Braunschweig. Unser Kolumnist Richard Kiessler schreibt in „Kiesslers Welt“ über die unversöhnlichen Staaten Armenien und Aserbaidschan.

Die haben den Krieg verloren“, sagt Eduard Sharmazanov lakonisch. Als reiche diese Feststellung, um Armeniens Anspruch auf die 1992 dem Nachbarn Aserbaidschan entrissene Enklave Berg-Karabach zu begründen.

Ich sitze dem Vizepräsidenten des armenischen Parlaments in dessen Amtszimmer in Jerewan gegenüber. „Beide Seiten müssen was geben“, sagt er. Aber was?

Die beiden Konfliktpartner im südlichen Kaukasus stehen sich unversöhnlich gegenüber, die Friedensverhandlungen stecken fest, der brüchige Waffenstillstand wird immer wieder durch Schießereien verletzt und befördert die verbale und militärische Aufrüstung in den einstigen Sowjetrepubliken.

Die Wurzeln dieses gefährlichen Streites am Rande Europas reichen in die Zeiten des Völkermordes der Türken an den Armeniern zurück. Mit dem Genozid des Jahres 1915 hatte Aserbaidschan zwar nichts zu tun, doch die (christlichen) Armenier stellen seither ihre (muslimischen) aserischen Nachbarn mit ihren türkischen Widersachern gleich.

Kompromisslose Härte

„Dies ist kein Konflikt zwischen Christen und Muslimen“, beharrt gleichwohl Sharmazanov – auch wenn Armenien ausländische Fotografen nach Aserbaidschan schickt, die dokumentieren sollen, dass die Muslime christliche Kulturgüter verkommen lassen. Wir entdecken zwei Tage später im besetzten Berg-Karabach Reste einer Moschee, die dem Verfall preisgegeben ist, auch wenn sie eine Hinweistafel unter den „Schutz des Staates“ stellt…

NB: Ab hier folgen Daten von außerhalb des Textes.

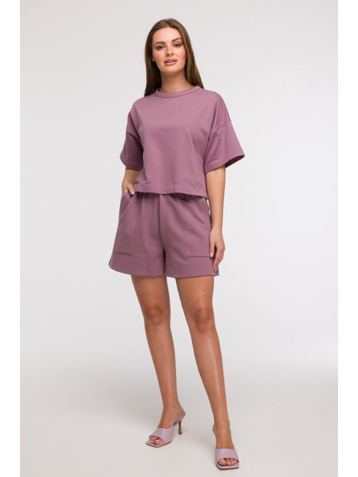 MATERIÁL Materiál: Silná mikinová tkanina 90% bavlna 10% polyester PODROBNOSTI O PRODUKTU Výstřih: Kulatý Kapsy: Žádné Vzor: Jednobarevný Podšívka: Žádná Zapínání: Žádné / Střih svetru Model: B294 Navrženo a vyrobeno v Polsku Střih: Volná zkrácená mikina Tvar: Rovná, krabicová silueta Délka: Do pasu Délka rukávu: Krátké, široké rukávy Použití: Ležérní, každodenní styling - ideální na dovolenou Typ postavy: Vhodné pro většinu postav, ideální pro sloupovité (obdélníkové) tvary - zkrácený střih opticky vytváří dojem pasu a dodává proporce Modelka na fotografii je vysoká 170 cm a má na sobě velikost SVEĽKOSŤS/ML/XL2XL/3XLA53 cm59 cm65cmB50cm54cm58cmC38cm39cm40cm
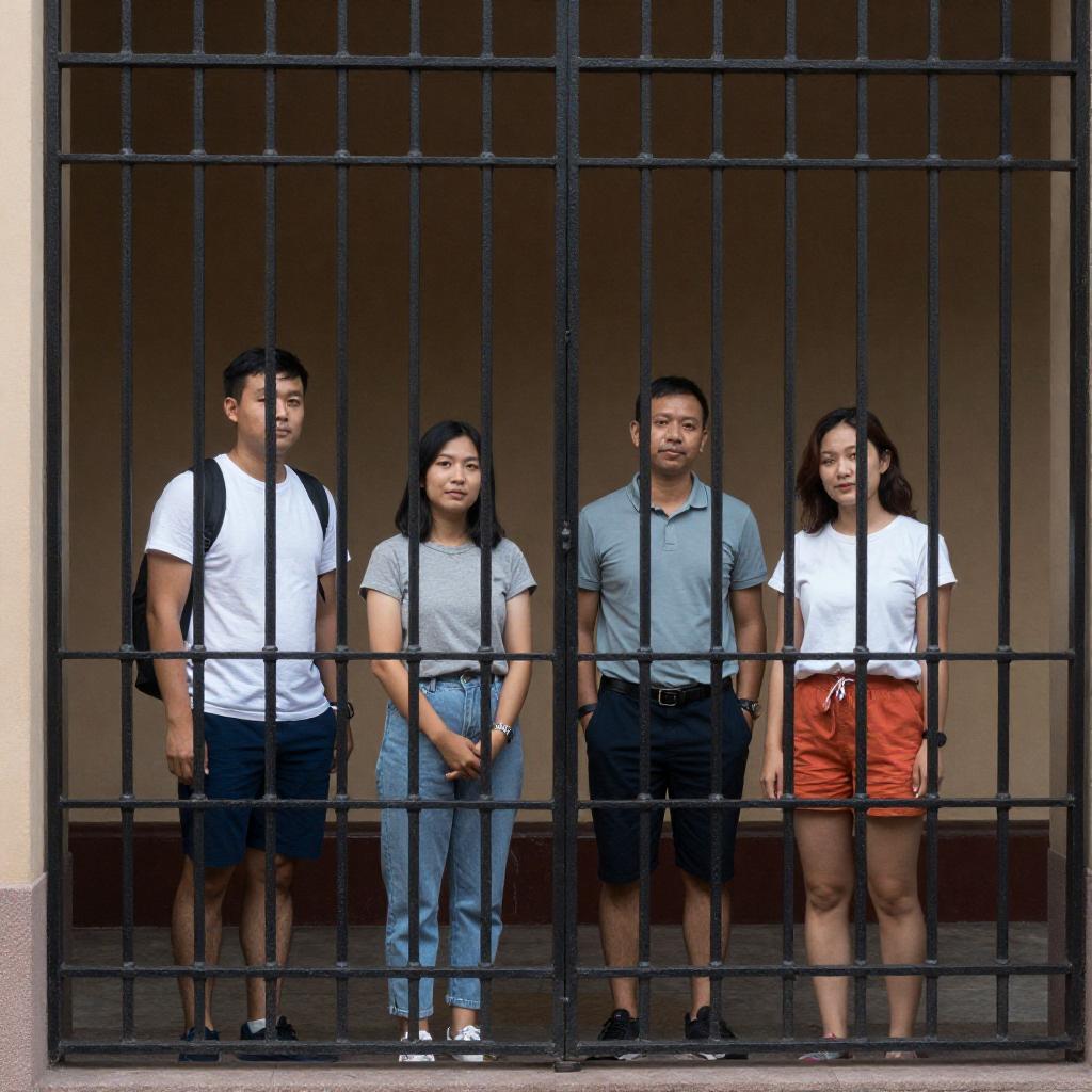 Black-and-White Prison Portrait of Four

Ob der Krieg im Südkaukasus einer „Befreiung“ gleichkam oder einer „ethnischen Säuberung“, lässt sich in Jerewan nicht klären. Überall stoße ich auf kompromisslose Härte: „Wir halten Berg-Karabach aus Sicherheitsgründen als Pufferzone“, sagt der stellvertretende Außenminister Zohrab Mnatsakanian, „eine andere Garantie haben wir nicht.“

Klarer ist da schon die Aussage des Politikwissenschaftlers Alexander Iskandaryan: „Dieser Konflikt ist nicht lösbar.“ Will sagen: Erst wenn das Nationalstaatsdenken des 19. Jahrhunderts überwunden und man mental im 21. angekommen sei, werde es einen Kompromiss geben.

Mich stimmt bedenklich, dass sich gerade jüngere Armenier besonders hasserfüllt geben, während ältere Gesprächspartner hinter vorgehaltener Hand schon mal bekennen: „Es war doch ganz schön, als wir mit den Aseris noch zusammen lebten.“ Doch ein öffentlicher Diskurs über eine Konfliktlösung ist von der armenischen Regierung nicht erwünscht.

Dabei würde das rohstoffarme Land von einer wirtschaftlichen Kooperation mit dem öl- und gasreichen Aserbaidschan nur profitieren. Dass die ökonomische Misere immer mehr Armenier ihre Heimat zu verlassen zwingt, wird ungern zugegeben. Stattdessen wächst die Abhängigkeit vom „strategischen Partner“ Russland, der 3500 Soldaten an der Grenze zur Türkei unter Waffen hält: 60 Prozent aller Investitionen und 80 Prozent der Gasimporte bestreitet der große Verbündete, drei der vier größten Banken sind in russischer Hand. Das Interesse der Moskauer Geopolitik, ihre Dominanz über die Öl- und Gasexporte im kaspischen Raum zu behalten, unterliegt keinerlei Zweifel.